New air emission regulations will shortly affect the U.K. shipping industry. Toxic sulfur emissions must be reduced to 0.1 per cent, from a current high of around 4.5 per cent, by January 1, 2015. 

The reason for the new regulations is that high sulfur fuel contributes substantially to emphysema, lung disease, congestive heart failure, birth defects, and premature deaths. It is a topic we have written about regularly.

The health risks posed by the cruise industry’s use of high sulfur fuels are enormous. I published an article years ago called Bunker Fuel – Nasty Tar Sludge! which explains how bunker fuel – which is P&O Ferries a tar-like substance left as the residue of the refinery process – is the nastiest and most toxic fuel on planet earth. It is unconscionable to burn it.

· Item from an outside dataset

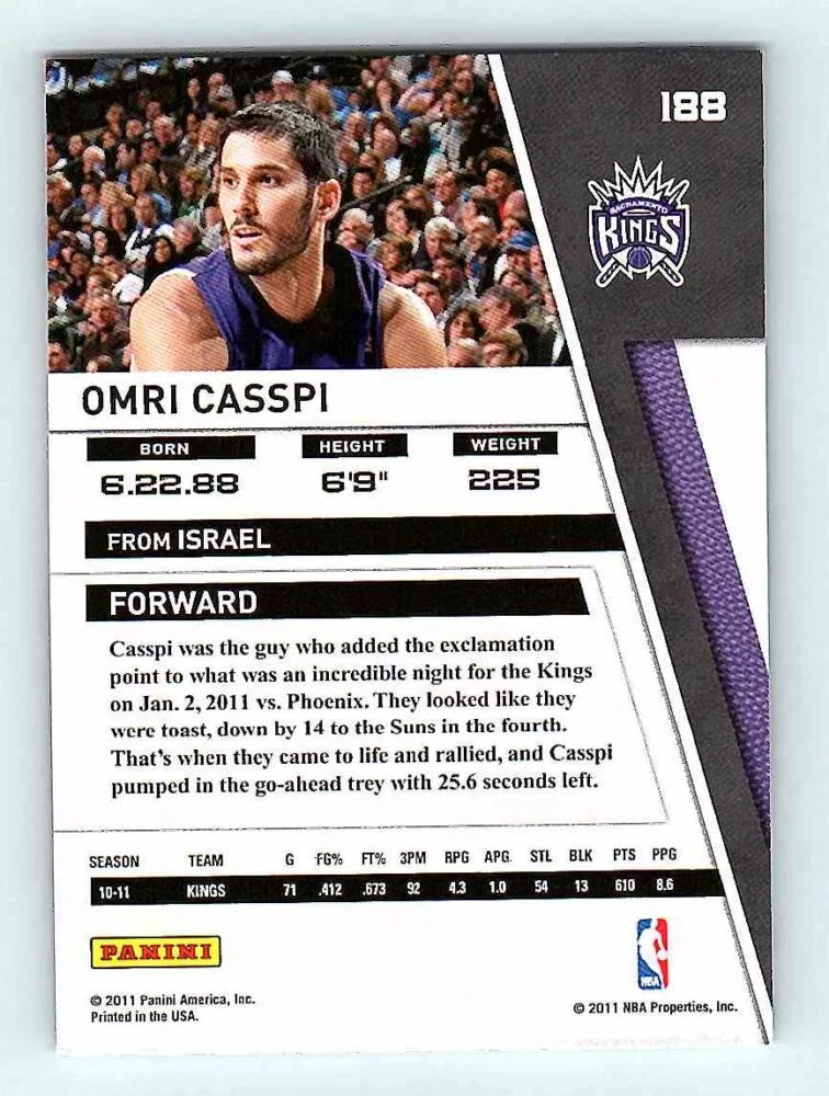 The 2010-11 Panini Season Update Base #188 Omri Casspi is in NM-MNT condition or better. The basketball cards come in sleeve and/or in toploader. Optionally you can buy One Touch holder

But bunker fuel is the cornerstone of the shipping industry. Cruise and ferry companies burn it all of the time. Why? Because it is dirt cheap and the shipping industry profit handsomely by using it.

The new air emissions standards will cut into the cruise and ferry lines’ profits. The fuel is, of course, more expensive. The public will need to pay higher fares.   

The shipping executives are continuing to try and delay the implementation of the new health regulations. We have been writing about the need for new regulations ever since I started this blog five years ago.

Over the years, the cruise industry has done just about everything possible to avoid regulation and continue to burn high sulfur fuel.  In the U.S., the industry sued the Environmental Protection Agency to keep burning dirty fuel. It has initiated scare tactics saying that jobs in the maritime sector will be lost and passengers will face astronomical fares. 

In the U.K. and Europe, the executives at the major ferry lines – P&O Ferries, DFDS and MyFerryLink – are all facing the same challenge to maintain profits. But their approaches are all different.  

According to the Dover Express, P&O claims that the clean fuel costs will now soar to £30 million a year and it has no choice but to stick it to their passengers.

But the Danish ferry operator, DFDS, has invested £80 million in "scrubbers" to improve the air quality of its ship emissions.

P&O on the other hand has joined in a campaign by the UK Chamber of Shipping to scare the public. Helen Deeble, CEO of P&O, joined in an open letter posted in the U.K. Telegraph, claiming that the low sulfur is prohibitively expensive, will lead to pay-offs in the shipping sector, and thousands of more trucks will clog the roads.

Deeble and the U.K. shipping and port CEO’s claim that shipping is responsible for 90 per cent of world trade but emits just 2.7 per cent of global CO2. They cite no authority for this claim. it is a bold face lie. 

The U.S. EPA has concluded that a single cruise ship will emit the same amount of sulfur dioxide as 13,100,000 (million) cars and as much soot as over 1,000,000 (million) cars.

The new quality regulations will not suddenly cause ferries to be scrapped and the roads in the U.K. to become clogged with lorries spewing smoke and smog over the pastoral landscape of Great Britain. These claims are part of the cruise and ferry companies’ scare tactics.

We have seen this irresponsibility from the U.K. ferry operators before.  P&O Ferries won’t invest a pence into CCTV camera technology even though it has a problem with passengers and crew disappearing from the open decks of its ships. P&O and other U.K. operators have had a long time to implement scrubber technology to protect the health of their passengers and crew and the general public. But they have persistently refused to do so.  

Faced with the January 1st deadline, the shipping industry in the U.K. is crying wolf.